Baiona urge a que se ejecute la Fase 2 del Paseo de A Foz “por seguridad”

FOTO: PABLO F. ESTÉVEZ // Paseo de A Foz.

Dos semanas después de que las obras de reparación del tramo derrumbado del Paseo de A Foz se diesen aparentemente por concluidas, el alcalde Carlos Gómez continúa sin tener noticias de la Dirección General de Costas aunque confía en poder mantener un encuentro a lo largo de esta semana. Lo cierto es que Gómez manifestó cierto grado de disconformidad con el resultado de los trabajos sobre todo en el modo de rematar la unión entre el muro de contención y la escollera. Independientemente de cuáles sean los planes del organismo estatal, la superficie restante de la construcción comienza a preocupar a las autoridades locales.

Y es que su deterioro va en aumento y temen que vuelva a repetirse el desenlace de 2018. “Hablamos de que los problemas estructurales afectan a toda la zona carente de escollera desde mucho antes de que colapsase parcialmente, el tiempo corre en nuestra contra y es necesario que se actúe con rapidez”, manifiesta Gómez que a su vez insiste en que las obras se ejecuten de manera urgente “por seguridad”. En este sentido considera razonable que hubiesen decidido una solución tan tosca para las obras que acabaron el pasado 20 de diciembre, si su intención es la de darle continuidad en pocos meses continuando con la Fase 2. “De otro modo no lo entenderíamos”, incide.

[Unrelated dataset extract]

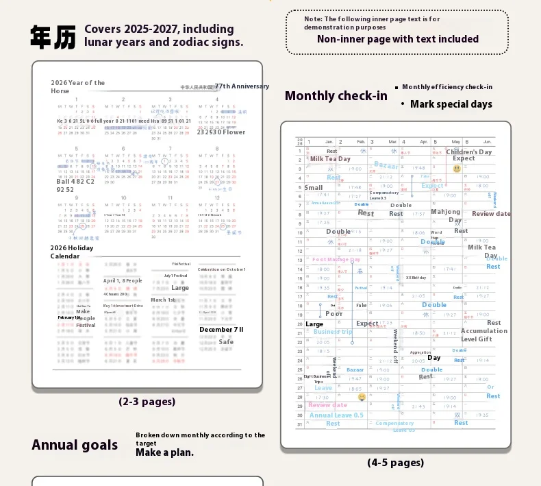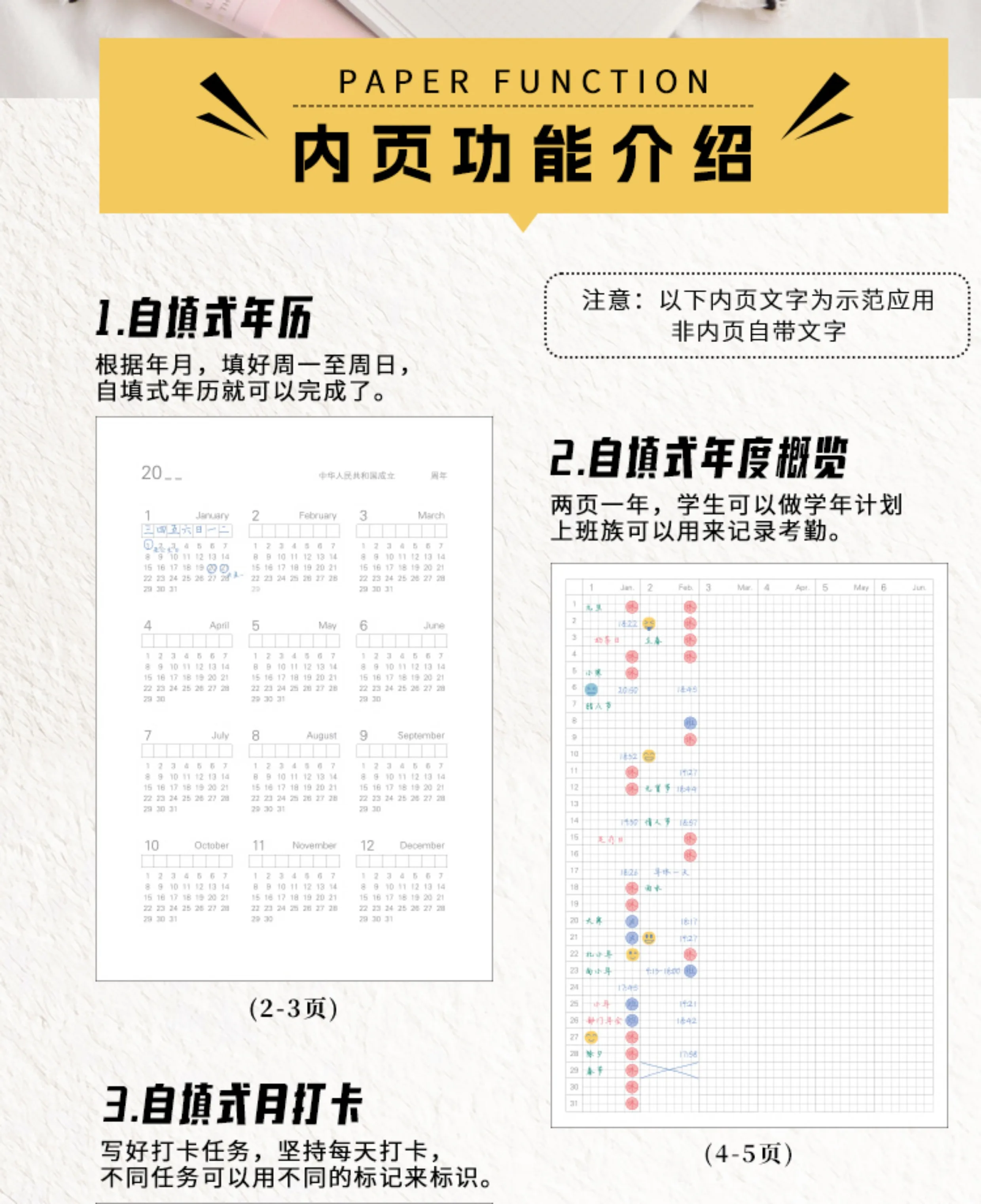 3. Monthly check-in: Efficiency check-in every month, mark special days4. Annual goals: Break down the goals into monthly plans according to the goals

Una vez que logren mantener un encuentro con responsables de Costas aprovecharán para tratar de aclarar estas y otras cuestiones pero también se interesarán por la carta de ruta pensada para los 200 metros restantes. Asimismo insistirán en la importancia de que se derribe lo antes posible toda la construcción afectada por la erosión del agua y se prosiga con el proyecto “antes de lamentar males mayores”. Mientras el gobierno local permanece a la espera de nuevos datos, las obras que llevan abiertas al público desde hace dos semanas están despertando las críticas de no pocos vecinos que ponen su grito en el cielo a través de las redes sociales.

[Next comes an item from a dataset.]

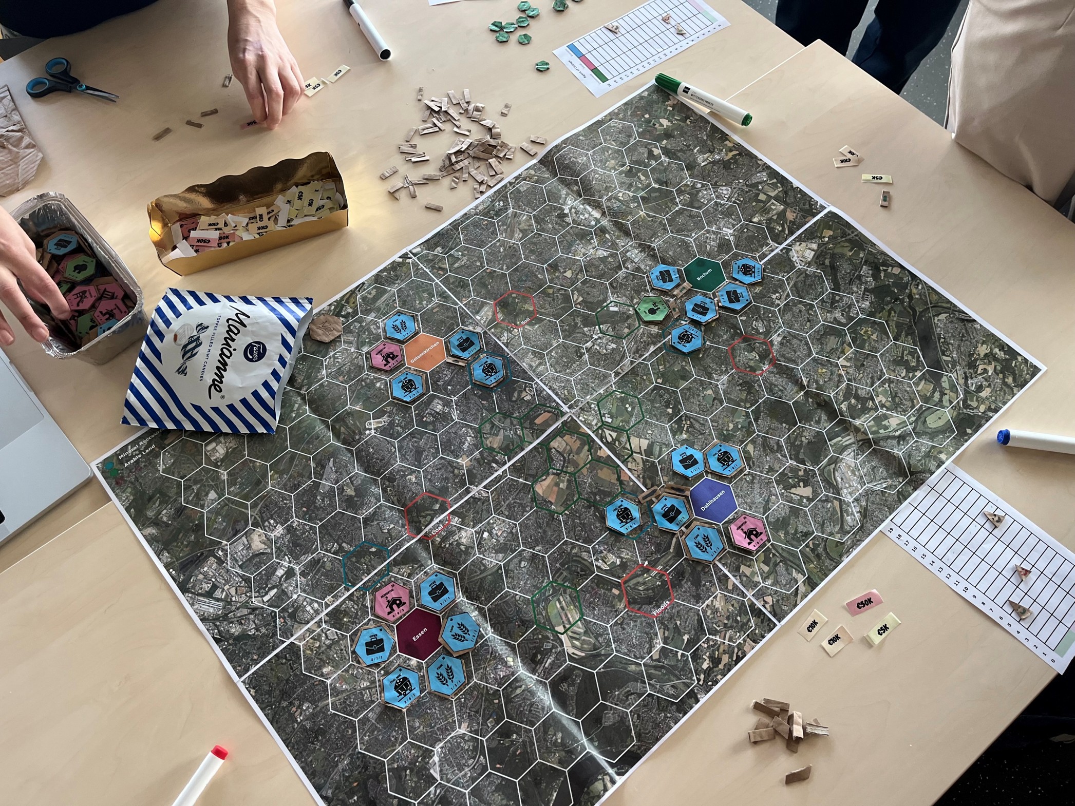 Image: Liisi’s group’s regional planning board game. And some Finnish Marianne candies as refreshments 😀

Incluso algunos de ellos advierten de un leve hundimiento en su superficie. Y es que el plan de actuación comenzó como algo integral con un presupuesto estimado de dos millones de euros, pero este se fue modificando en repetidas ocasiones mientras las partidas se fueron reduciendo al tiempo que se demoraban las actuaciones para acabar con una intervención inicial inferior a los 200.000 euros.